Aux termes de l'article 2044 du code civil, la transaction est un contrat par lequel les parties, par des concessions réciproques, terminent une contestation née, ou préviennent une contestation à naître.
L'article 2048 précise que les transactions se renferment dans leur objet : la renonciation qui y est faite à tous droits, actions et prétentions, ne s'entend que de ce qui est relatif au différend qui y a donné lieu.
Le protocole contesté du 8 avril 2020 prévoit particulièrement :
«Article 1
Maître [L] [G] a fait une concession quant au rachat et au paiement de ses droits sociaux et aux conditions de son départ, sachant que la cessation du contrat de travail de Maître [L] [G] doit l'objet d'une transaction spécifique, dont la conclusion conditionne la validité de la présente transaction.
Le cabinet [X] AVOCAT a accepté de ne pas revenir sur les modalités d'exécution de l'exercice professionnel de Maître [L] [G] au cabinet et de ne pas faire de difficultés dans l'hypothèse où des clients abonnés visés dans la liste ci-après (annexe 1) ou des clients pour lesquels elle est intervenue au judiciaire (annexe 1 bis) exprimeraient le désir de travailler à l'avenir avec Maître [L] [G] ou son cabinet.
[...]
Article 6 - portée des engagements
Les concessions réciproques consenties et énoncées ci-dessus sont le fruit de la négociation engagée par les parties pour aboutir à la signature de la présente transaction.
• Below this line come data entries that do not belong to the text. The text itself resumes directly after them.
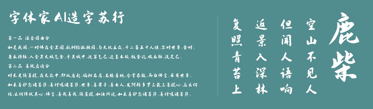 字体家AI造字苏行是一款由字体家AI神笔造字生成的艺术字体,这款字体带着行书的灵动气韵,笔画如流水般连贯,起笔收笔温润不张扬,行笔时轻重有秩,像指尖轻划过宣纸的自然轨迹。转折处圆润带弹性,无生硬棱角,筋骨藏于流畅线条中。结构不呆板,略带舒展却稳当,似人闲坐时的从容姿态,既有手写的随性温度,又透着雅致的秩序感,触摸般能感知到笔触的轻重缓急与呼吸般的韵律。适合用于一些广告标题、平面文案、海报标题、网页广告用字的编辑。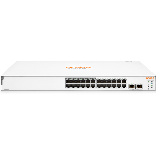 Overview The Aruba Instant On 1830 JL813A 24-Port Gigabit PoE+ Compliant Managed Network Switch helps to quickly grow your small business's network capacity to keep up with the growing list of power over Ethernet devices such as IP security cameras, access points, and VoIP phones. This entry-level managed rackmount switch includes 24 Gigabit Ethernet ports, 12 of which are PoE+ compliant with a 195W power budget. Two Gigabit SFP ports are available for fiber connections. The JL813A also supports a host of Layer 2 features without any additional licensing fees. Use the Aruba Instant On mobile app, cloud-based web portal, or local web interface to quickly configure, manage, and monitor the Aruba Instant On 1830 network switch. Performance The Aruba Instant On 1830 switch features an 800 MHz ARM Cortex-A9 processor with 512MB of memory, 215MB of flash storage, and a 1.5MB packet buffer. It's designed to deliver smooth data transfers with a 52 Gb/s switching capacity and 38.68 Mpps forwarding rate. Easy Management The Aruba Instant On mobile app allows you to remotely configure, monitor, and manage your network switch without needing any additional hardware such as cloud keys or a VPN. You can also update firmware on your Instant On devices directly from the cloud, no matter where you are or what time it is. Power-over-Ethernet This switch includes 12 PoE+ complaint ports with a 195W power budget. Features such as automatic power configuration and scheduling allow you to efficiently operate your connected devices. Multi-Site Remote Management The cloud-hosted web interface and mobile app make it easy to remotely manage multiple sites and multiple networks with distributed and multi-tenant deployments. Each site is logically separated and has its own configuration, statistics, guest portal, and admin read/write privileges. Instant On also allows you to create three admin accounts per site, offering the option to lock accounts from accidental deletion. Link Aggregation This switch supports up to 16 groups of eight network ports, which may be configured to form high-bandwidth connections to compatible devices. Management Cloud-Based ManagementUse the cloud-hosted web interface and mobile app to manage your networks and devices from almost anywhere. Local Web GUI ManagementThe built-in web-based interface makes it easy for non-technical users to directly manage the Instant On 1830 switch. The interface supports up to five HTTP and HTTPS sessions. Simple Network Time ProtocolThe Simple Network Time Protocol (SNTP) automatically synchronizes the switch's date and time for accurate system event tracking and various schedules set by the administrator. Security Trusted Platform ModuleThe integrated Trusted Platform Module (TPM) provides secure, hardware-based generation and storage for cryptographic keys that are used for connections to the Instant On cloud portal. Automatic Denial-of-Service ProtectionThe Instant On 1830 manages high-volume traffic and prevents denial-of-service (DoS) attacks against the network. Global Storm ControlProtects against conditions where incoming packets flood the LAN, causing network performance degradation for unicast traffic with an unknown destination, and for broadcast and multicast traffic.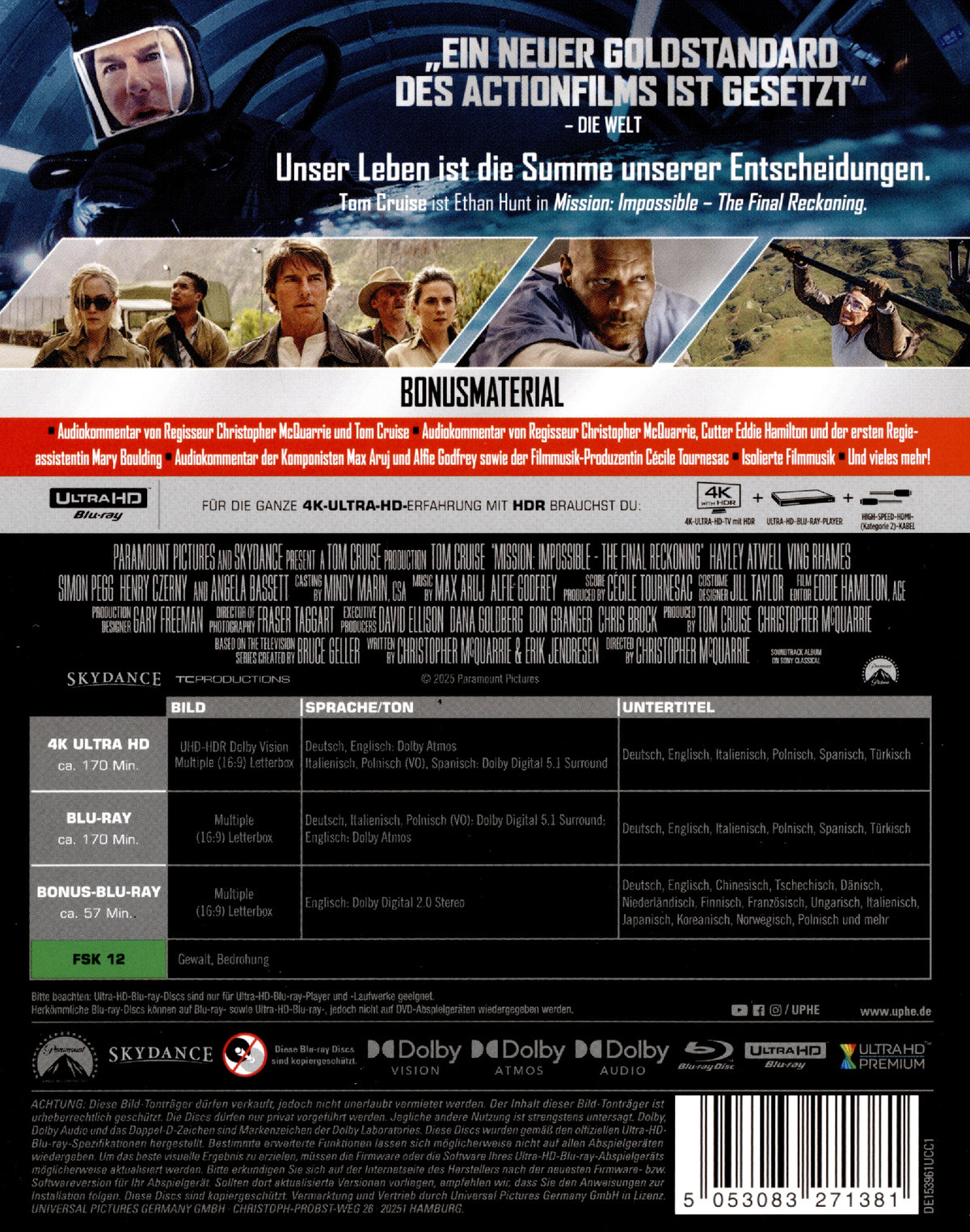 "Unser Leben ist die Summe unserer Entscheidungen." Tom Cruise ist Ethan Hunt in "Mission: Impossible - The Final Reckoning"An der Seite von Tom Cruise spielen Hayley Atwell, Ving Rhames, Simon Pegg, Vanessa Kirby, Esai Morales, Pom Klementieff, Mariela Garriga, Henry Czerny, Holt McCallany, Janet McTeer, Nick Offerman, Hannah Waddingham, Angela Bassett, Shea Whigham, Greg Tarzan Davis, Charles Parnell und Frederick Schmidt. Regie führte Christopher McQuarrie, basierend auf der von Bruce Geller kreierten Fernsehserie. Produzenten sind Tom Cruise und Christopher McQuarrie. Executive Producers sind David Ellison, Dana Goldberg, Don Granger und Chris Brock.

Cette négociation a été effectuée directement entre les signataires, lesquels ont pu recueillir, auprès de leur conseil respectifs, tous avis ou assistance nécessaires.
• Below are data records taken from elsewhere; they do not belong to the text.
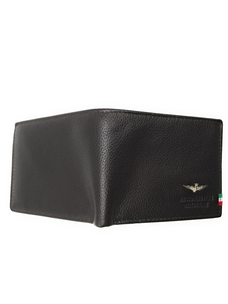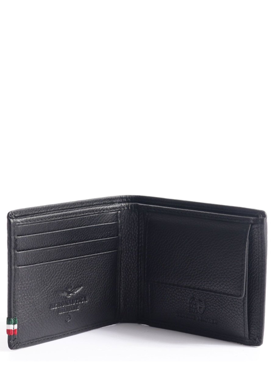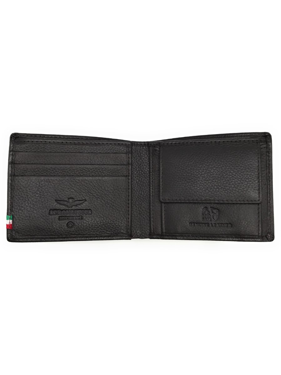 Portafoglio in pelle con scomparto per banconote, scomparti per carte di credito e vano per monete.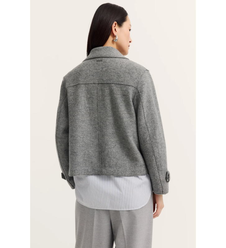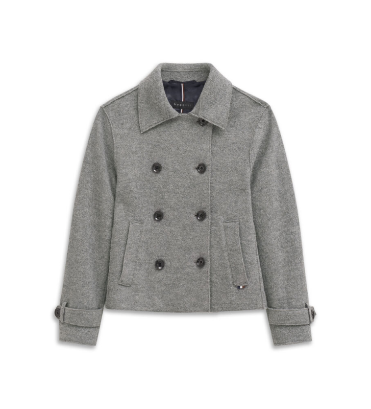 Женский жакет Bugatti, изготовленный из вареной шерсти со стрейчем, свободного кроя, с открытыми краями, темно-серого цвета.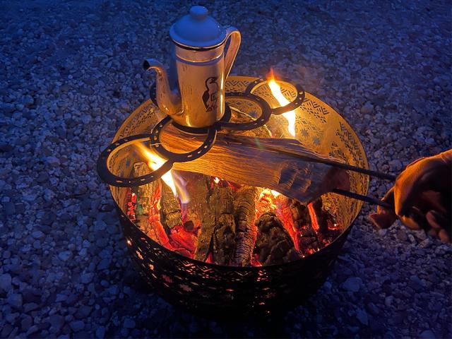 ナバホ柄焚き火台を使用することで燃え上がる炎を楽しむと同時にナバホ柄が赤く染まるコントラストを楽しむことができます。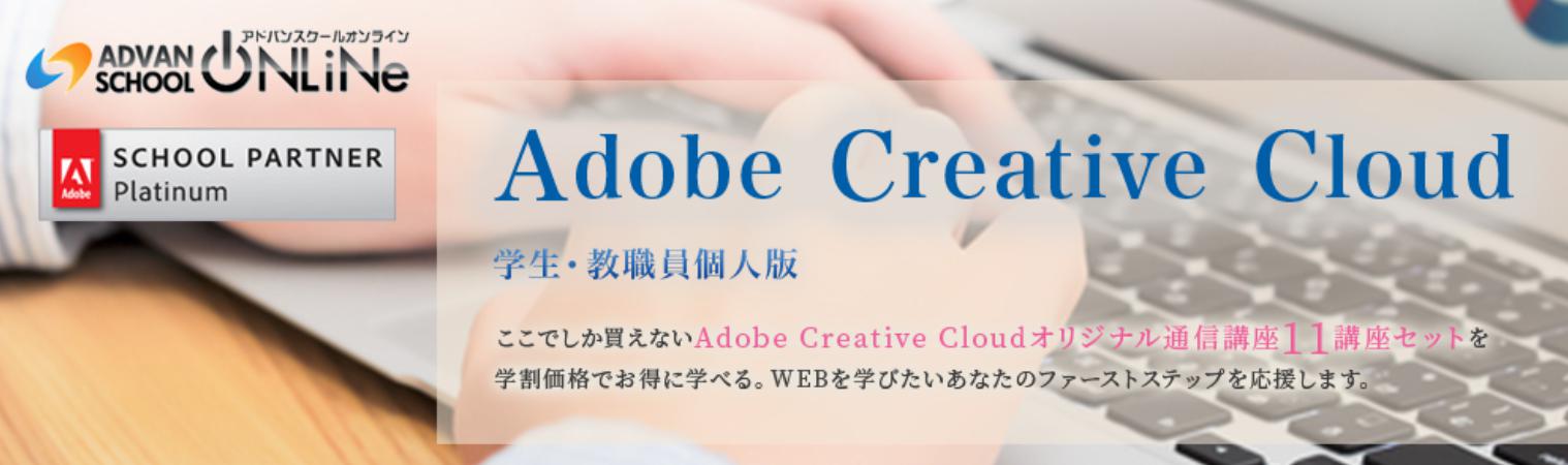 アドバンスクールオンラインを受講すると、学生や教職員でもない一般人が、学割価格でAdobe Creative Cloudのライセンス(1年有効)を購入することができます。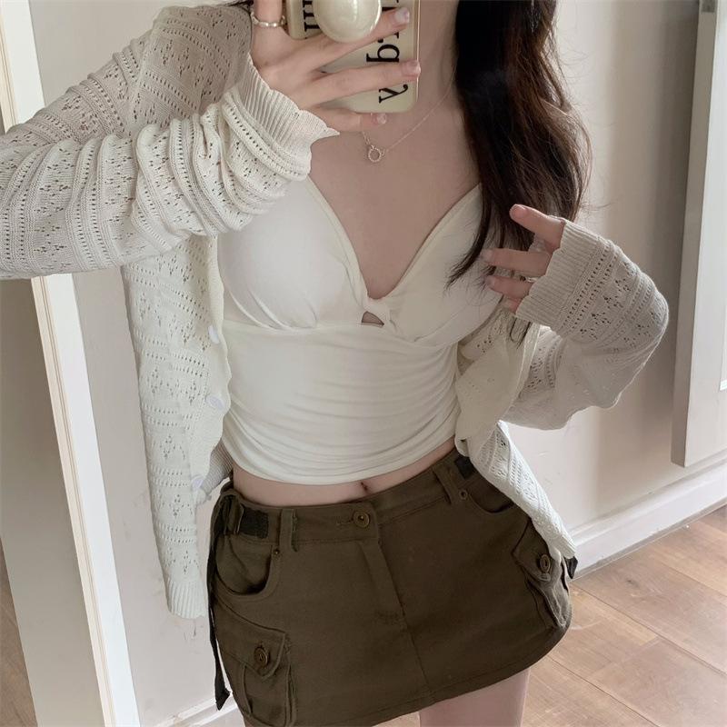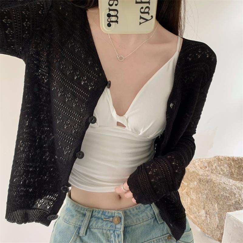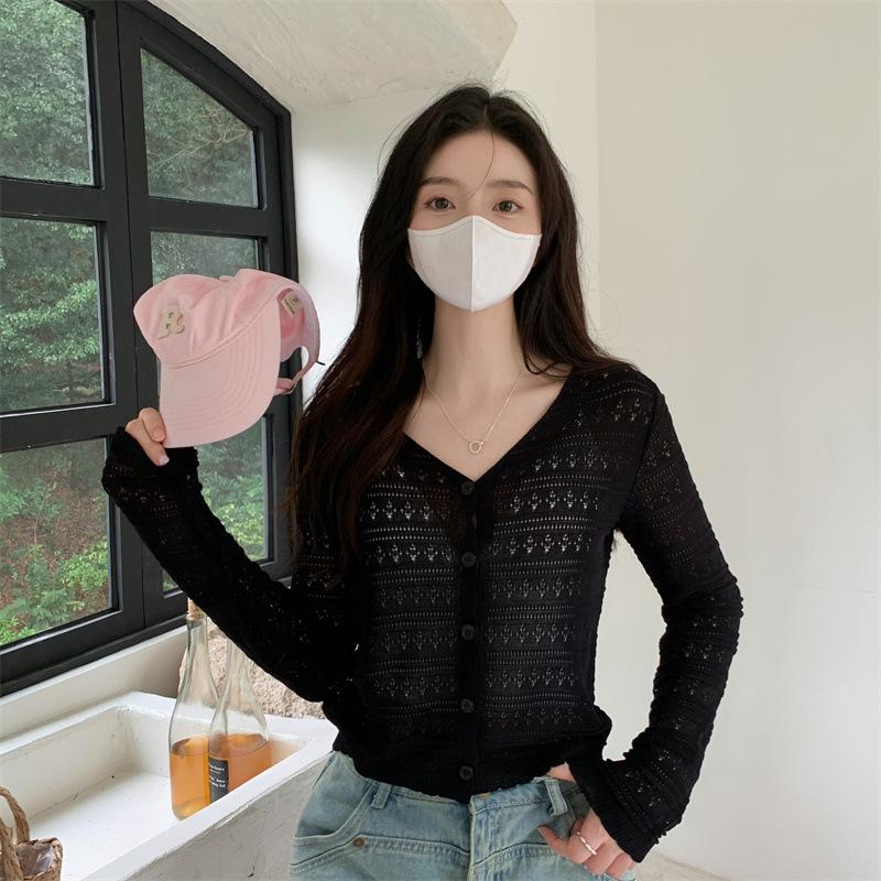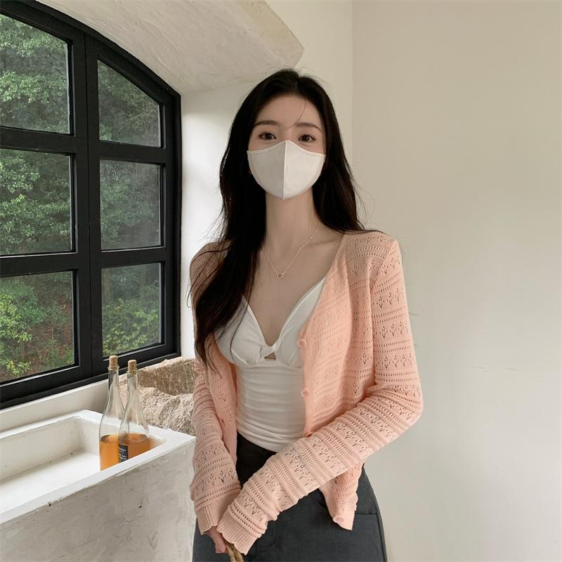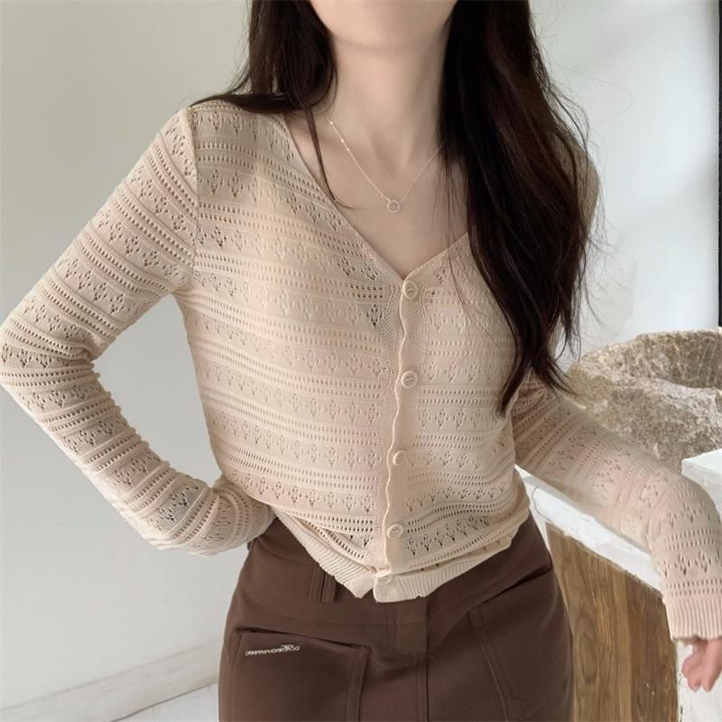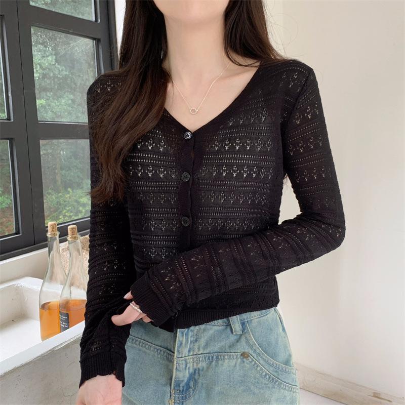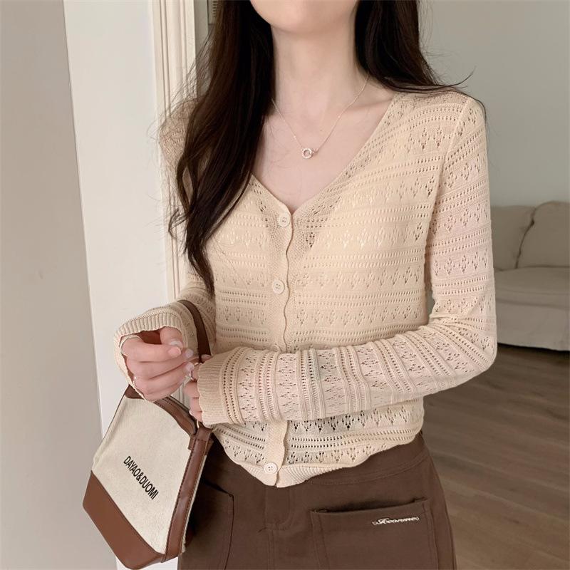 Cárdigan de Punto Calado para Mujer Abrigo Delgado de Verano Seda de Hielo Protector Solar Camisa para Aire Acondicionado Chal Exterior Manga Larga Top Corto

Sans valoir reconnaissance par chacune des parties des prétentions de l'autre, les concessions réciproques règlent définitivement tous les comptes, sans exception ni réserve pouvant exister entre les parties, au titre des relations d'association, et ce depuis leur origine, tant au sein du cabinet [X] AVOCATS qu'au sein des sociétés civiles.
Le présent accord vaut donc transaction au sens des articles 2044 et suivants du code civil. En particulier, il a entre les parties, l'autorité de chose jugée en dernier ressort et ne pourra être révoqué ni pour cause de lésion, ni pour cause d'erreur de droit, conformément à l'article 2052.
En conséquence de quoi les parties renoncent, sous réserve de la parfaire exécution du présent accord à la poursuite ou l'introduction de toute action ou instance, qui pourrait résulter de la conclusion, l'exécution ou de la rupture du contrat lié au présent litige ou à toute autre demande, qu'elle qu'en soit la nature, dont l'origine serait antérieure à la date des présentes pour pour quelque cause que ce soit [...].»
Maître [G] a sollicité et obtenu du juge de l'exécution du tribunal de ROANNE une autorisation de pratiquer une saisie conservatoire de créance pour garantir le paiement des sommes dues en vertu dudit protocole. De même, Maître [G] a obtenu l'homologation du protocole transactionnel en faisant valoir que l'acte comportait bien des concessions réciproques entre les parties et que les deux protocoles tenaient lieu de loi entre les parties.
La cour d'appel de RIOM dans son arrêt du 14 juin 2022 a encore constaté à la demande de Maître [G] la force exécutoire de l'accord transactionnel du 8 avril 2020 et dit que l'engagement pécuniaire de la SELAS [X] AVOCATS de payer au profit de Maître [L] [G] la somme de 290.707,65 € au titre de l'accord transactionnel précité du 8 avril 2020 est assorti du bénéfice de l'intérêt au taux légal jusqu'à parfait paiement à compter du 31 juillet 2020.
Il résulte de ces éléments que Maître [G] ne peut sans se contredire, venir désormais contester la validité et la qualification juridique de cet acte, alors qu'elle a à plusieurs reprises sollicité et obtenu l'homologation de la transaction litigieuse aux fins de pouvoir engager une procédure d'exécution forcée. Elle ne peut donc valablement venir soutenir que ladite transaction serait dépourvue de concessions réciproques alors qu'elle a soutenu le contraire dans les autres actions précédemment engagées.